The first week of class we will get to know each other, learn about each student's experience in this area, discuss the course logistics, and finalize our list of topics. The second week will be labor day and each student will enjoy a spa day as required by federal and university regulations. On the third class, Zack will give a lecture on label shift (including positive and unlabeled learning, open set label shift, and latent label shift), using this material to give an overview of several of the key themes of the topic, including identification, estimation, and bridging deep learning methods with structural assumptions.
Then, starting from the third week, each session will be run by a group that will be responsible for distilling a different major topic in this literature. Each week, all students, except those presenting, will be responsible for submitting short responses to each week’s readings. These will require students to register 3 thoughtful questions. These will be made available to the presenters more than 24h prior to their presentations. There will be no inescapable lulls in conversation, because we will always have 30+ questions to resolve.

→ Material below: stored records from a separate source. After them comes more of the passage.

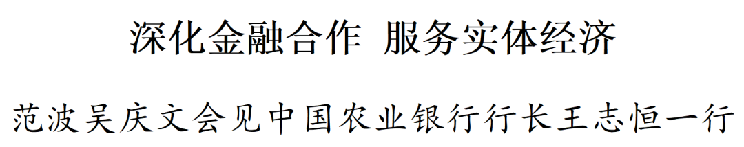 2月11日,市委书记范波、市长吴庆文会见了中国农业银行党委副书记、行长王志恒一行。
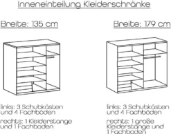Kleiderschrank groß mit Spiegel: 179 x 64 x 198 cm (BxTxH)
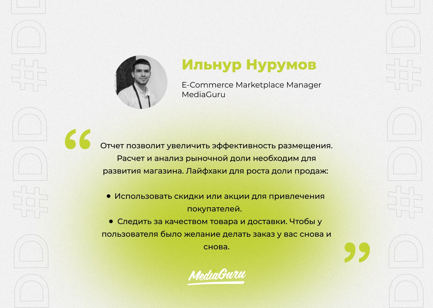 Отчет позволит увеличить эффективность размещения. Расчет и анализ рыночной доли необходим для развития магазина. После того как магазин вычислит свою долю рынка, он сможет оценить текущее положение и проанализировать: цены и скорректировать до конкурентоспособных;
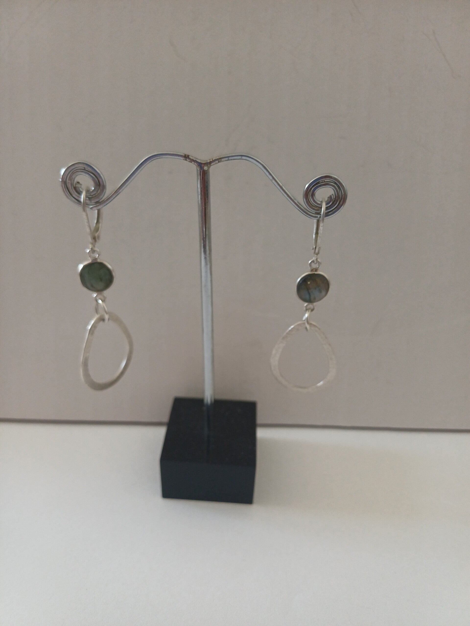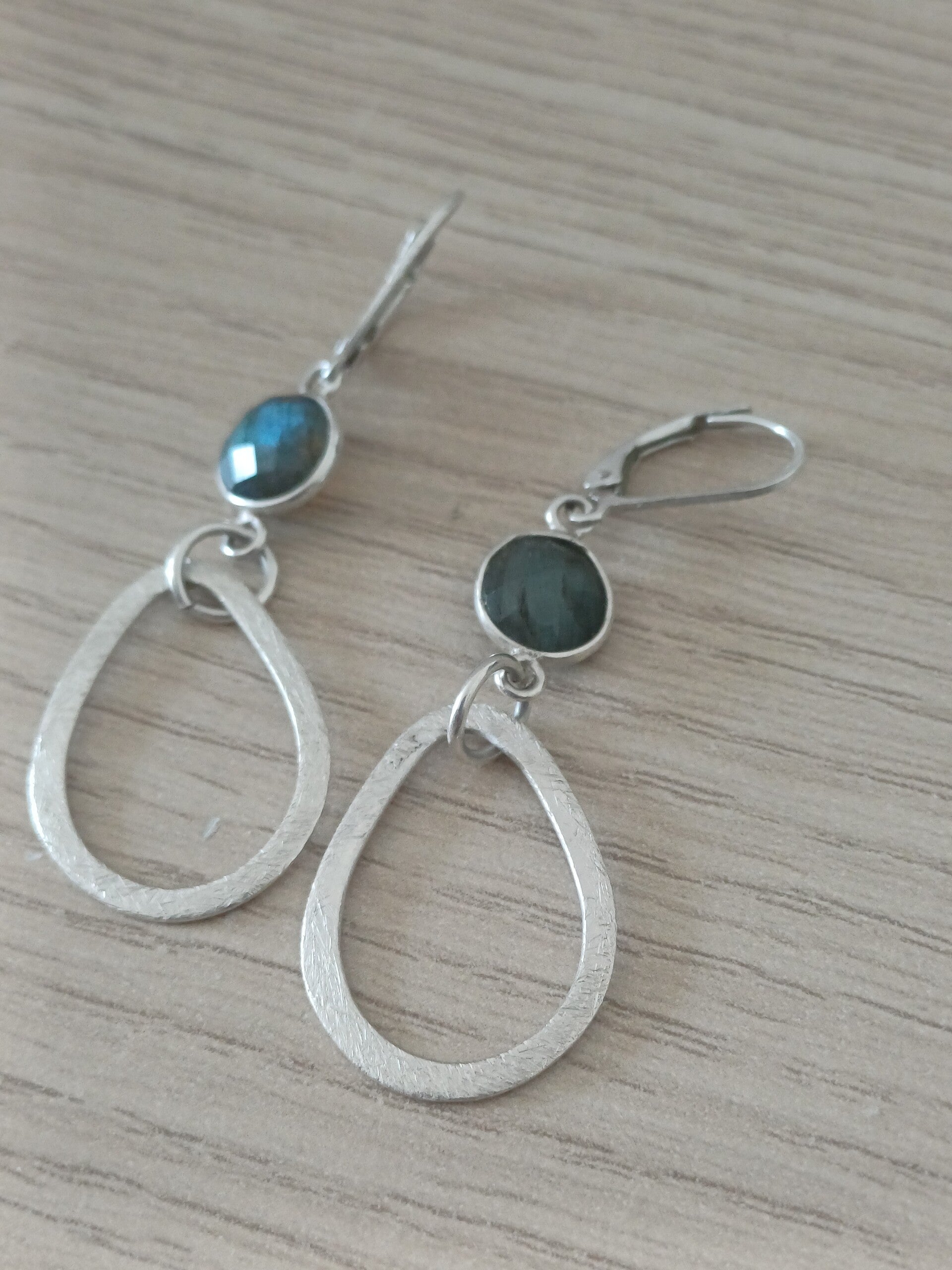 Elegante dubbele zilveren oorbel met rhodoniet of labradoriet en ovale hanger aan gesloten haak.
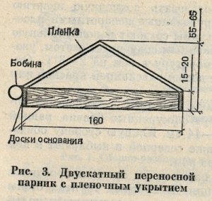 В последние годы рассаду в основном выращивают под пленкой. У садоводов-любителей получил распространение двускатный переносный парник с пленочным покрытием (рис. 3). Длина его 4—6 м. Основание парника — поставленные на ребро доски толщиной 2—3 и высотой 15—20 см. Стропила и конек парника изготовляют из деревянных реек сечением 5x2,5 см. Пленка по коньку прикрепляется рейкой (штапиком), натягивается она бобиной диаметром 7—8 см. Парник этот очень удобен. После выборки рассады его целесообразно использовать для выращивания огурцов или томатов.
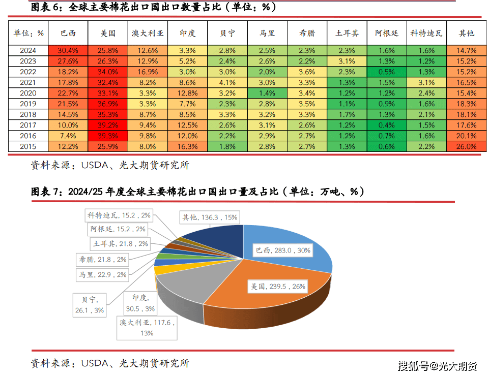 巴西、美国是全球最大的两个棉花出口国,2024/25 年度数据,巴西+美国棉花出口量占全球棉花总出口量比例跨越 55%。

This is a 12-credit class and thus the deliverables are heavier than for a typical seminar. In particular, in addition to presenting material from the literature during the class, students will be required to complete a final project. The silver lining: this project has been oriented to align closely with your career goals.
Students will be assigned to present a major topic in a group of 3 or 4. After the first day of class, students will have the opporunity to register interest in topics, which will be taken into account when constructing group assignments. While each group will be given several "seed" readings to to anchor their inquiry, groups are encouraged to expand the set of papers covered (and when appropriate, to modify the assigned readings) to paint a more comprehensive view of the area. While we have the room for 4 hours, we should plan to have two heavily-interrupted 75-minute sessions, separated by a 30-minute pizza break. Groups will have some discretion about the extent to which they wish to intersperse group discussion throughout the presentations, versus frontloading technical discussion and guiding a critical discussion in the second half/
You have discretion to influence both the scope of material to be presented and to make pedagogical decisions about how to present it. While sometimes, it may make sense for each group member to present a paper, do not reflexively fall into the trap of following each paper section by section. There may be times where integrating the papers, e.g., by covering common elements of the setup up front and discussing common critical concerns about the approaches at the end might make more sense.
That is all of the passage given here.